Bilateral limb phase relationship and its potential to alter muscle activity phasing during locomotion post-stroke

Hemiparesis is a major consequence post-stroke and can result in loss of locomotor function. Specifically, muscle coordination deficits are well recognized in both the paretic and non-paretic limbs. In this series of studies, we examined the extent to which inappropriate muscle phasing in the paretic limb can be influenced by the relative angular relationship of the non-paretic limb, both for an exposure period and after short bouts of adaptation training using a split-crank bicycle ergometer.;Our results showed that manipulating the relative angular positions of limbs in a pedaling task caused muscle activity phasing changes that were either delayed or advanced, dependent on the relative spatial position of the two cranks and this relationship is well-explained by a sine curve. More importantly, these findings provided new evidence that muscle phasing can be "systematically" influenced by interlimb pathways. Then, we sought to examine the extent to which the impaired nervous system can adapt new patterns of muscle activity phasing following short bouts of training. We demonstrated that both intact and impaired nervous systems are capable of generating muscle phasing aftereffects that persisted for at least ten minutes.

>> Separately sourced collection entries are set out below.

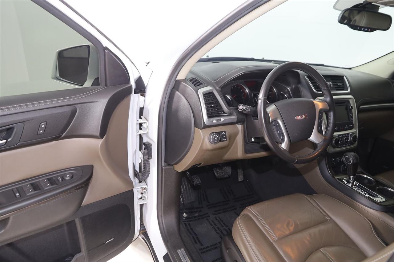 Navigation, Back Up Camera, Bluetooth, Panoramic Roof, Winch, Touch Screen, Heated Front Seats, Acadia SLT-1, 4D Sport Utility, 3.6L V6 SIDI, 6-Speed Automatic, FWD, White Frost Tricoat, Dark Cashmere Leather, 8-Way Power Driver Seat, 8-Way Power Passenger Seat Adjuster, Acoustical Insulation Package, Body-Color Bodyside Moldings, Body-Color Heated Power-Adjustable Outside Mirrors, Bose Premium 10-Speaker Audio System, Carpeted Removable Front 2nd & 3rd Row Floor Mats, Dual SkyScape 2-Panel Power Sunroof, Forward Collision Alert & Lane Departure Warning, Inside Rear-View Auto-Dimming Mirror, Leather-Wrapped Steering Wheel, Navigation System, Open Road Package, Power Rear Liftgate Body, Preferred Equipment Group 4SA, Radio: Color Touch Navigation w/IntelliLink, Rear Audio System Controls, Remote Vehicle Start, Single Outlet Exhaust, Tilt & Telescopic Steering Column, Trailering Equipment, Tri-Zone Automatic Climate Control, Universal Home Remote, Variable Effort Power Steering.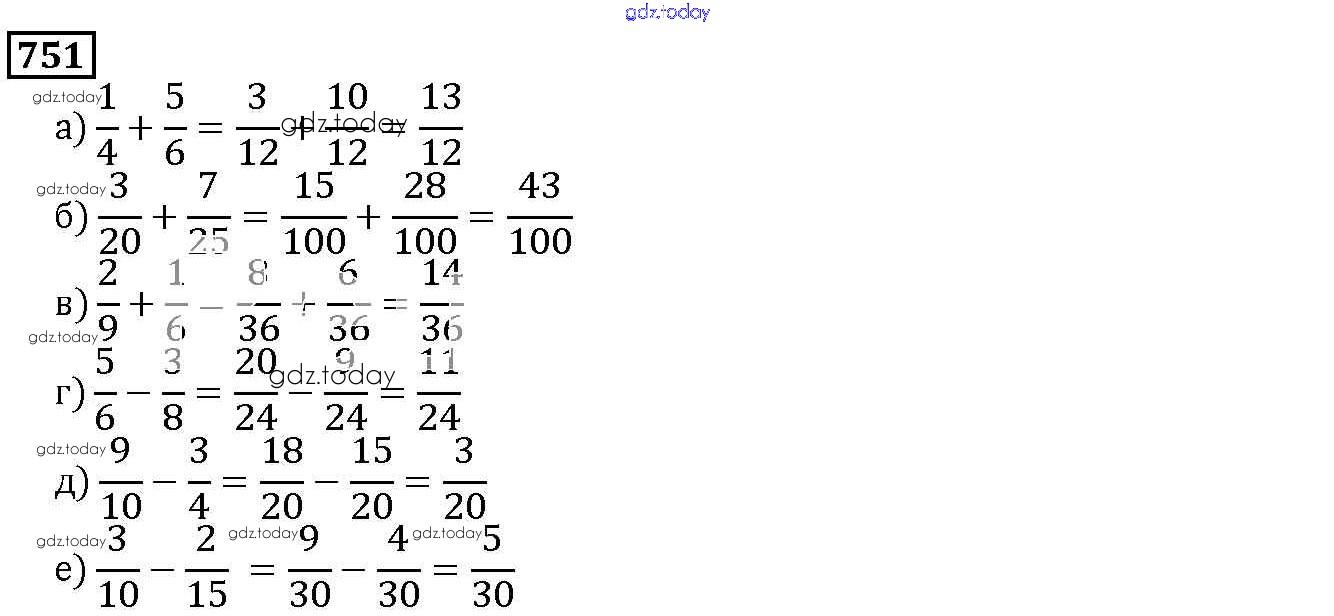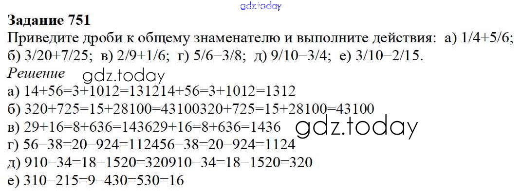 На страницах сайта gdz.today вы найдете учебный и вспомогательный материал, направленный на улучшения знаний школьной программы. ГДЗ - онлайн мир знаний 9.1. Сложение и вычитание дробей Глава 9. Действия с дробями 751 Учебнику по Математике для 5 класса Дорофеев, Шарыгин Просвещение 2015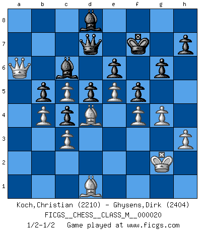 Last move : 1/2-1/2 2008 August 13 21:7:3 [Event "FICGS__CHESS__CLASS_M__000020"] [Site "FICGS"] [Date "2008.05.29"] [Round "1"] [White "Koch,Christian"] [Black "Ghysens,Dirk"] [Result "1/2-1/2"] [WhiteElo "2210"] [BlackElo "2404"] 1.e4 e6 2.d4 d5 3.Nc3 Nf6 4.e5 Nfd7 5.f4 c5 6.Nf3 Nc6 7.Be3 Qb6 8.Na4 Qa5+ 9.c3 c4 10.b4 Qc7 11.Be2 Be7 12.O-O O-O 13.Qe1 b5 14.Nc5 a5 15.a3 Rb8 16.Bd2 axb4 17.axb4 Nxc5 18.dxc5 Bb7 19.Be3 Ra8 20.Qd2 Rfb8 21.Rfb1 Bc8 22.Qc1 f5 23.Rxa8 Rxa8 24.Ra1 Qb8 25.g3 Kf7 26.Qb1 Bb7 27.Bd1 Rxa1 28.Qxa1 Qc7 29.Nd4 Qd7 30.h3 Nxd4 31.Bxd4 Bc6 32.Kg2 g6 33.g4 Bd8 34.Qa6 1/2-1/2 French : Steinitz, Boleslavsky variation Kingside Castling by player White (move 12) Kingside Castling by player Black (move 12) This chess game ended in a draw. Follow this game move after move (download)All my games are real. (Bobby Fischer) Heutzutage gewinnt im Turnier nicht derjenige Spieler, der weitreichende Pläne entwirft, sondern einfach jener, der Zug um Zug kämpft. (David Bronstein) Fischer es una tragedia del Ajedrez Americano a la par con Morphy y Pillsbury. (Mig Greengard) J'ai toujours senti une vague pitié pour l'homme qui ne connaît rien aux échecs, tout comme j'en aurais pour un homme ignorant de l'amour. Les Echecs, comme la musique ou comme l'amour, ont le pouvoir de rendre heureux. (Siegbert Tarrasch) Every man's memory is his private literature. (Aldous Huxley)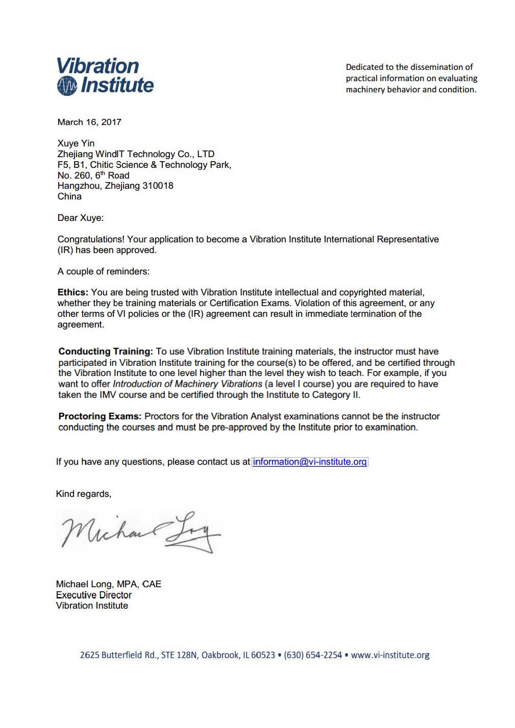 - 美国振动分析师协会合作证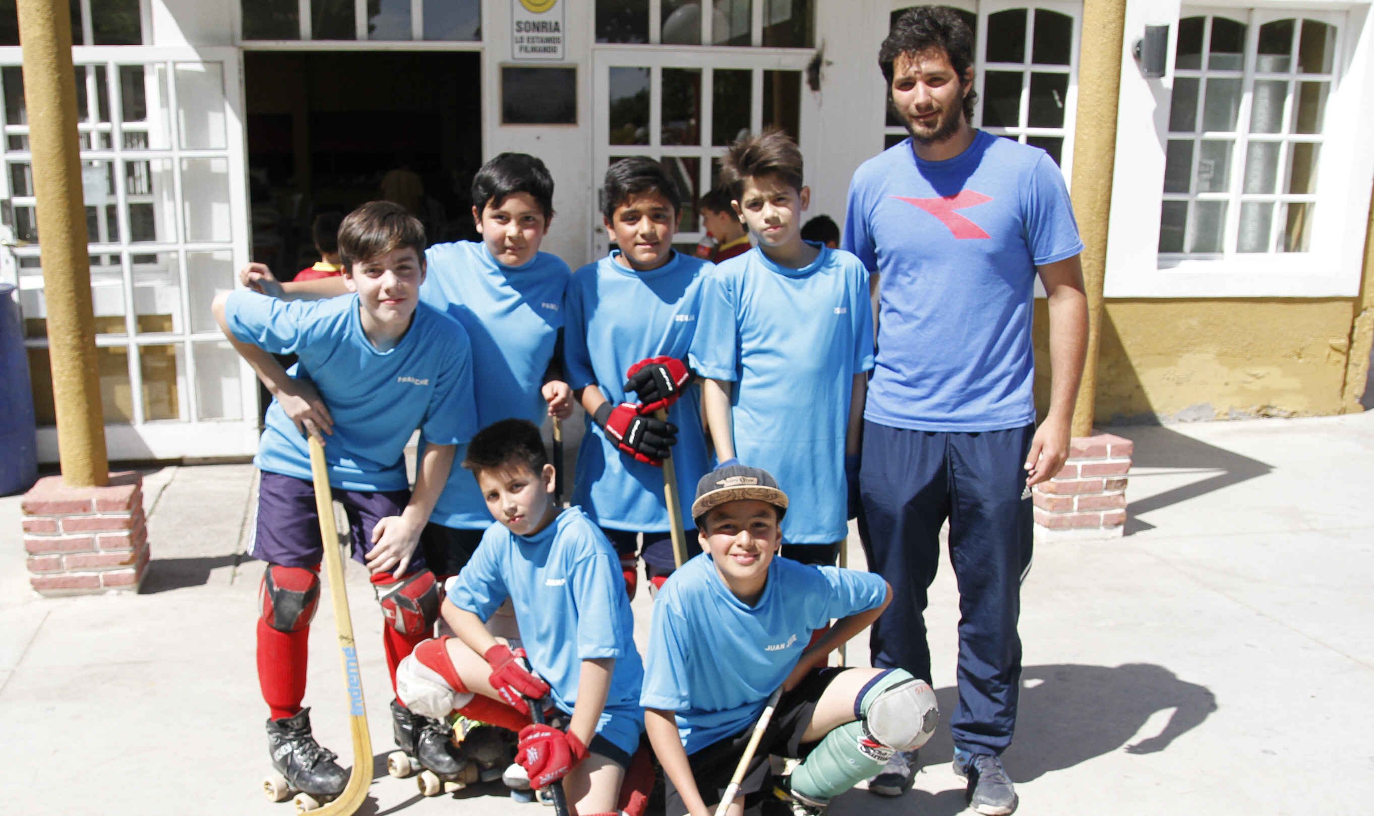Felices. Están los chicos del Colegio Nuestra Señora de los Desamparados de Albardón de ser parte de los Juegos en hockey sobre patines.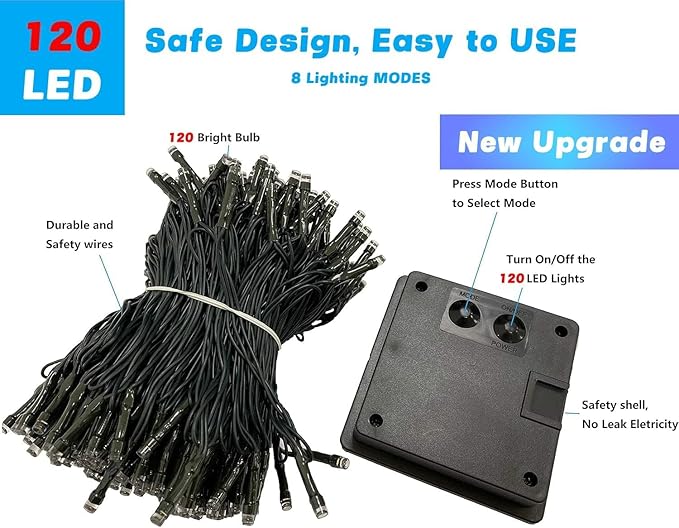 - Bigger Solar Panel/Batterys & Longer Working Time: This solar string lights outdoor with auto sensor control, Auto on at dark and Auto off at daytime; Our solar lights outdoor waterproof updated the battery to 1800 mAh with superior quality and Bigger solar panel No extra electric cost, solar powered only; Our solar christmas lights outdoor can work for 10-12 hours (6-8 hours) after fully charged, long-lasting lighting up your home

However, for neurologically intact individuals, these aftereffects were observed only in the leg that was in the following position whereas for people with cerebral stroke, the aftereffects were found only in the leg that was in the leading position during the adaptation period. Since the results were dependent on whether the leg was following vs leading, we describe these states as "temporal" rather than "spatial". Our findings provided novel evidence to suggest that adapting a new muscle phasing pattern during a bilateral locomotor task depends critically on the relative "temporal" position of the contralateral limb.;Our results provide a better understanding of the neural mechanisms underlying muscle phasing abnormalities and the capability of the impaired, post-stroke nervous system to produce a more normalized phasing pattern. The neurophysiological and functional knowledge from these studies are expected to lead to the development of a novel rehabilitation intervention that can impact functional outcomes associated with walking ability.